Requirement — Only the lines from the beginning of the entries through the one that holds "Meuble à chaussures" may appear in the answer, written out exactly and free of pictures.

········

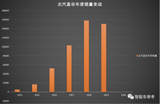 在2019年之前,北汽新能源年销量保持在每年15万辆左右。
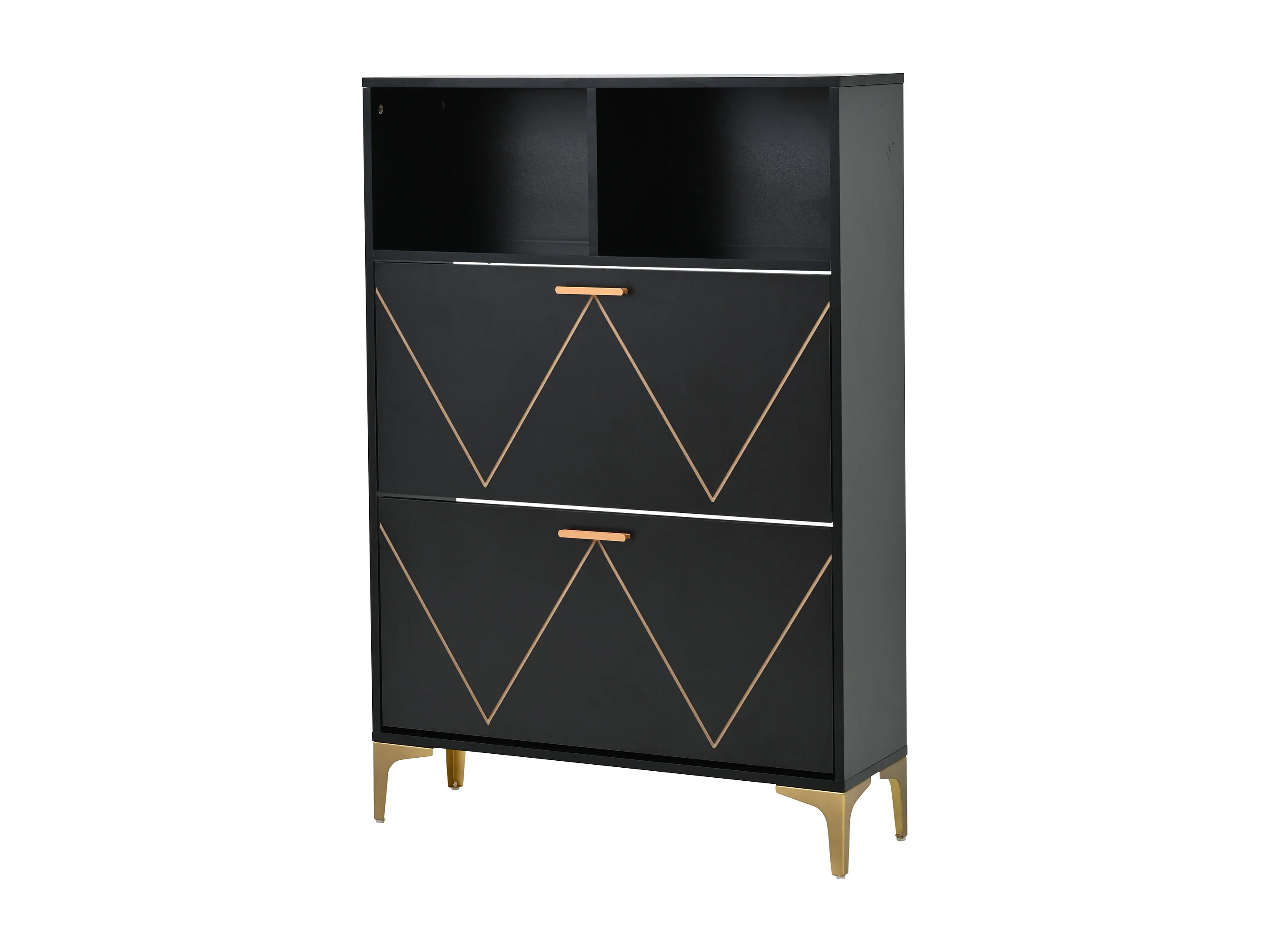 Meuble à chaussures noir avec 2 tiroirs de rangement et 4 portes, poignées et pieds dorés
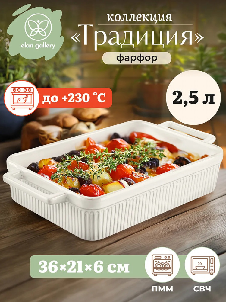 Форма для запекания Elan Gallery «Традиция» объемом 2,5 литра выполнена из фарфора. Размер 36×21×6 см. Внутренний размер 29,6×20,5×5,6 см. Размер без ручек 30,2×21,8×6,2 см, размер дна 29×20,8 см. Фарфоровая ёмкость молочно-белого цвета подходит для выпекания в духовке и подачи готового блюда на стол в той же форме. В ней получится чудесная лазанья или выпечка.
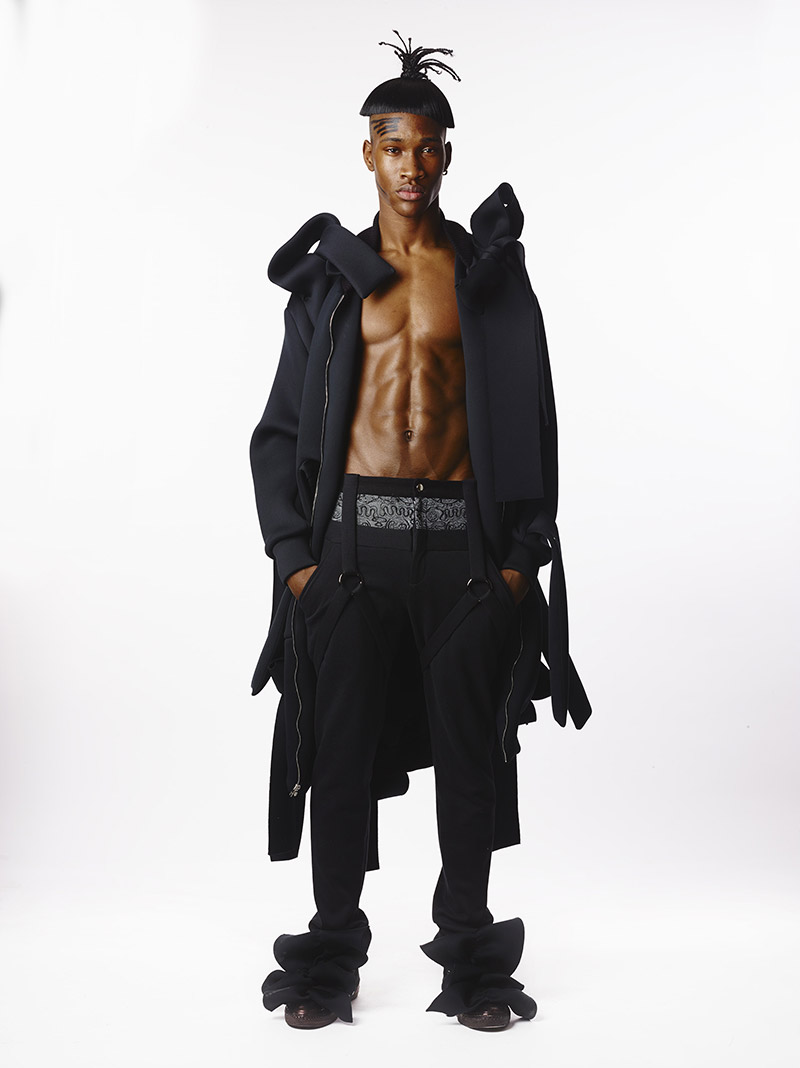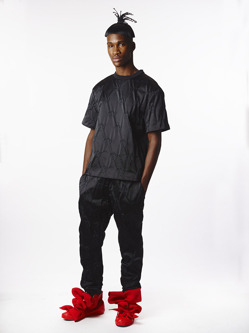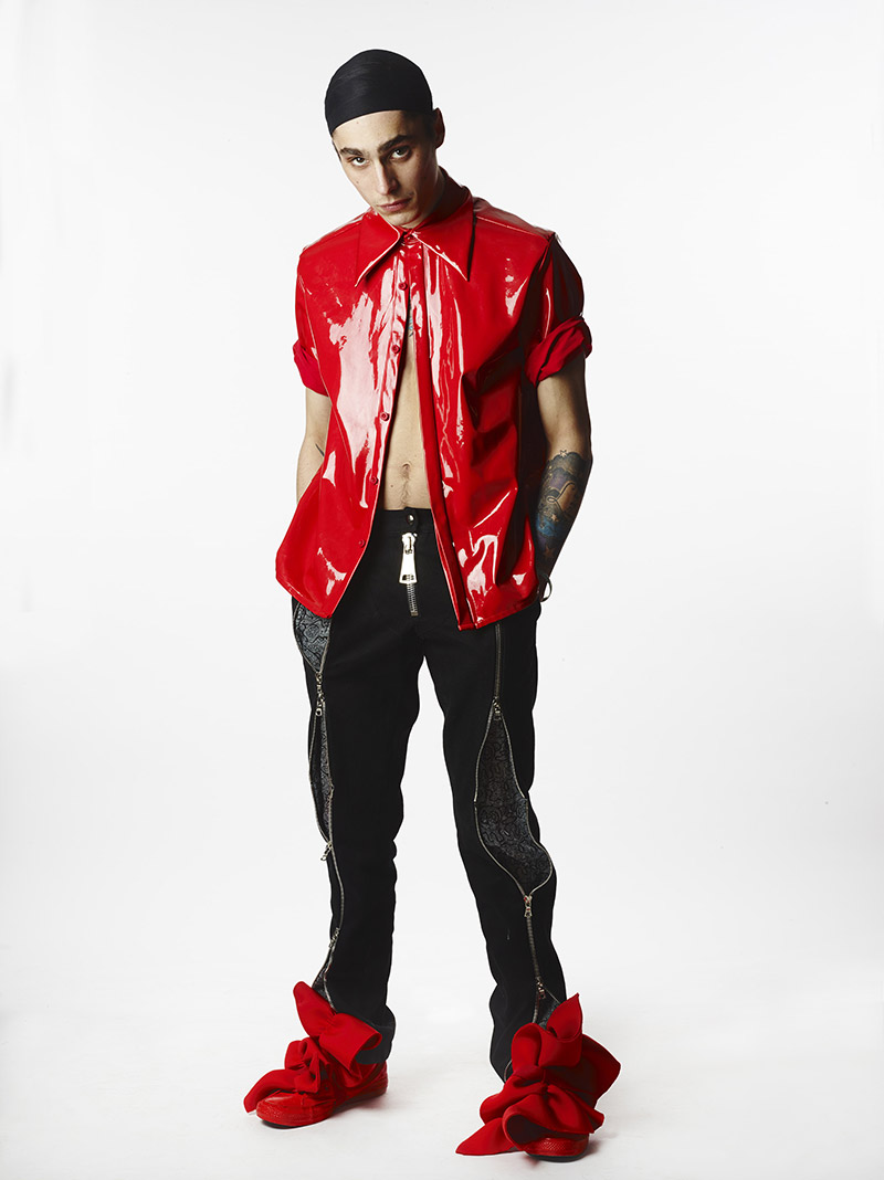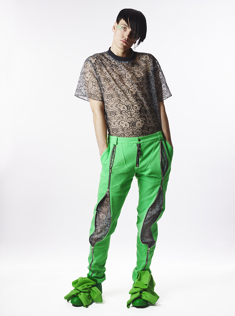 Chunky zips provide visual threads through the collection appearing throughout in true reflection of Nicopanda’s punk vision. Bows continue as a strong theme carrying on from last season in perfect balance between saccharine sweetness and sophistication. Custom embroidered lace created from Nicola Formichetti’s own doodles appears across dresses, shorts, pants and flamboyant Disco-inspired statement ruffles run through the collection. Nicopanda debuts bags and accessories in vinyl, faux fur and leather named after Nicola’s dogs Tank and Bambi.
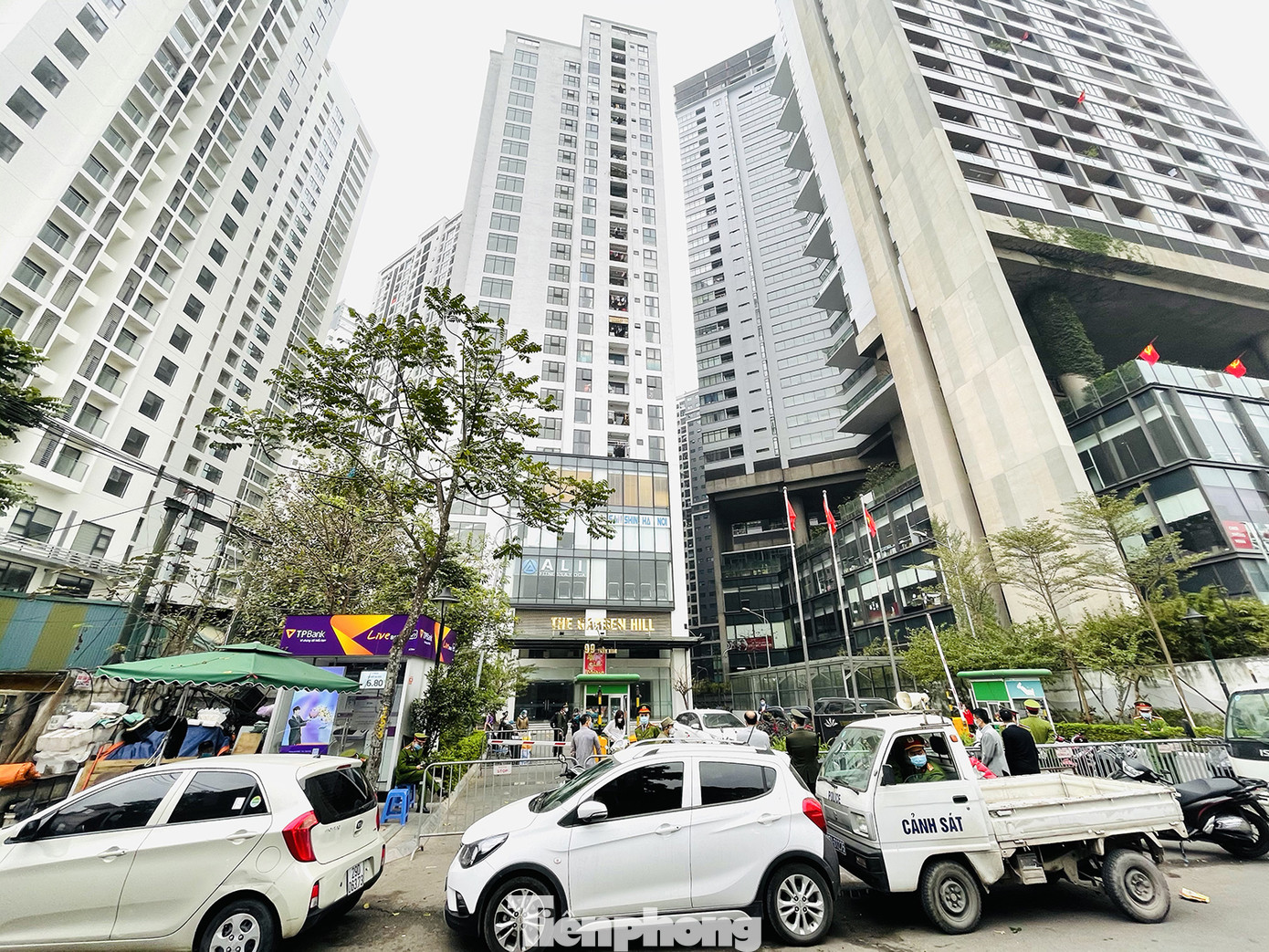 Cơ quan chức năng đã dựng rào chắn, tiến hành phong toả chung cư Garden Hill, địa chỉ tại 99 Trần Bình (Mỹ Đình 2, Nam Từ Liêm, Hà Nội) để phòng chống dịch bệnh COVID-19.

········

Response —
 在2019年之前,北汽新能源年销量保持在每年15万辆左右。
 Meuble à chaussures noir avec 2 tiroirs de rangement et 4 portes, poignées et pieds dorés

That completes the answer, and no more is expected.